Березин крякнул от удовольствия, искоса посмотрел на Чибисова. Тот не выдержал его взгляда, ухватился за пилу, поднес к дереву, включил, хотел было придержать ее на весу, а она сразу утонула в бревне, проскочила насквозь, словно через мягкий каравай хлеба, и упала пильной рамой к ногам, прихватила штанину и разорвала. Не будь рукоятки на конце пилы, которая воткнулась в землю, Чибисову бы несдобровать. Подбежал Ермаков, выключил мотор. Начальник участка стоял бледный, растерянный.
Когда раскряжевали до десятка деревьев, парторг дружески положил руку на плечо Кукаркину:
– Расскажите, Кирьян Корнеевич, как вы додумались до этой вещи? – кивнул он на пилу.
– Как? Очень просто! – ответил пилоправ. – Испробовал я электропилы – вижу, идут туго, со скрежетом. Смекнул, в чем дело. У пильной цепи очень частые зубья. Когда пила врезается в дерево, опилкам в пазу некуда деться, поэтому они растираются в муку, забивают паз и пильную цепь. Моторчик у пилы маленький, она работает рывками, с натугой – не режет, а мнет дерево. Я решил облегчить работу пильной цепи и мотора. Вот смотрите на цепь: по краям у нее расположены режущие зубья, а в средине скалывающие. Я уменьшил количество тех и других зубьев наполовину. Пила стала сильнее и зубастее. Все это просто.
– Нет, не просто, Кирьян Корнеевич, не просто! – загорячился Березин. – До всего до этого надо было додуматься, раскинуть умом! Вы сделали большое дело. Теперь вам придется переделывать все пильные цепи.
– Переделаю, не трудно… А конструкторам напишите, чтобы они внесли поправочку в свои расчеты. Пусть и в других леспромхозах электропильщики работают легкими и зубастыми цепями.
Пилоправ достал свою табакерку.
– Может, понюхаете? – предложил он парторгу, открывая пробку у пузырька.
– Не занимаюсь, – отказался Березин. – Зачем вы нюхаете?
– Не могу не нюхать, Фетис Федорович. Работа у меня такая. С пилами возиться – надо острый глаз иметь. А у меня глаза как бы туманом застилает. Понюхаешь – глаза-то, вроде, и прочистит. Да и для мозгов полезно…
– Тоже прочищает?
– Прочищает, соображаешь лучше.
Обращаясь к начальнику участка, парторг сказал:
– Иди-ка, Чибисов, понюхай табачку ядреного. Тебе полезно будет.

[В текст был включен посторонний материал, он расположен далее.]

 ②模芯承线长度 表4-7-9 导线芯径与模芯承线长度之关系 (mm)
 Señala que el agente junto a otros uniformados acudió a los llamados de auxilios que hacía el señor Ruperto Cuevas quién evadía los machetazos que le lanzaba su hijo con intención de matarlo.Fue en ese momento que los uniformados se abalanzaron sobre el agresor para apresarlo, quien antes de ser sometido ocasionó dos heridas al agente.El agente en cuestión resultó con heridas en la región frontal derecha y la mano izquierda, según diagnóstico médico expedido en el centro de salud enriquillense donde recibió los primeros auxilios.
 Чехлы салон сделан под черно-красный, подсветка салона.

– Я не нюхаю, – ответил тот, не поняв шутки. Чибисов был занят своей разодранной штаниной, которую пытался скрепить тонкой проволокой.
21
– Борис Лаврович, вам письмо! – входя в кабинет Зырянова, сказала секретарь-машинистка, держа перед собой голубой конверт.

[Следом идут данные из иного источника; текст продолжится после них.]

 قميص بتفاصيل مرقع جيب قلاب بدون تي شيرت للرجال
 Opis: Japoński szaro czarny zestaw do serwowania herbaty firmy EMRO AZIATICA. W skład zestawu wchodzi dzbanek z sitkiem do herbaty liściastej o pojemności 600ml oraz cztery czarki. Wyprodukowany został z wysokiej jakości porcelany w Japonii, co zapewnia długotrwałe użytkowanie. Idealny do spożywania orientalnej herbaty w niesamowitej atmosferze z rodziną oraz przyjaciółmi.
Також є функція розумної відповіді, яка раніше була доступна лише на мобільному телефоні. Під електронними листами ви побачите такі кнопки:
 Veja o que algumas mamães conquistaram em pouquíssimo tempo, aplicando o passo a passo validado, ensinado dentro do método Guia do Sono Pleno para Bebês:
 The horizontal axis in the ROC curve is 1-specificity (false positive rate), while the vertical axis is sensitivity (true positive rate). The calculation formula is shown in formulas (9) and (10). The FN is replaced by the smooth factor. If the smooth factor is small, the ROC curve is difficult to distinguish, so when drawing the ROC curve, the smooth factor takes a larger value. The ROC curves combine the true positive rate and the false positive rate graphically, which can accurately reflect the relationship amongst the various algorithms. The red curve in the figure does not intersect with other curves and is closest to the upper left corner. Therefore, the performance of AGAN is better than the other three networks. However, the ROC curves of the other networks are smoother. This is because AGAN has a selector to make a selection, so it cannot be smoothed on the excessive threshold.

– От кого, Машенька? – спросил замполит, не отрываясь от бумаг, которые просматривал с карандашом в руке.
– Не знаю, – ответила девушка, вспыхнув до ушей. Положила письмо на край стола и быстро вышла.
Письмо было от Лизы Медниковой, уехавшей на курсы электропильщиков. Неделю назад он отправил ей денежный перевод, послал свои собственные деньги, но в извещении сообщил, что это премия за образцовую работу на строительстве в Новинке.
Лиза благодарила за внимание. На многих страницах, испещренных мелким почерком, она писала Зырянову о своих переживаниях, о тоске, которая начинает порой овладевать ею. В такие минуты, доверительно писала она, хочется иметь рядом родного и близкого человека, поговорить с ним по душам, помечтать, пожать ему руку. Вспоминала про увлекательную прогулку на Водораздельный хребет, про медведя-музыканта, про восход солнца… Потом Зырянов получил от нее второе, третье письмо. Лиза подробно сообщала об учебе, о распорядке в общежитии, где они живут, о практической работе в лесу на опытной лесосеке. И вдруг она перестала писать. На отправляемые ежедневно письма Зырянов не получал ответа. Он не находил себе места, теряясь в догадках. Однажды зашел к Багрянцевым. Дома была одна Нина Андреевна. Зырянов сам не заметил, как рассказал ей о полюбившейся девушке.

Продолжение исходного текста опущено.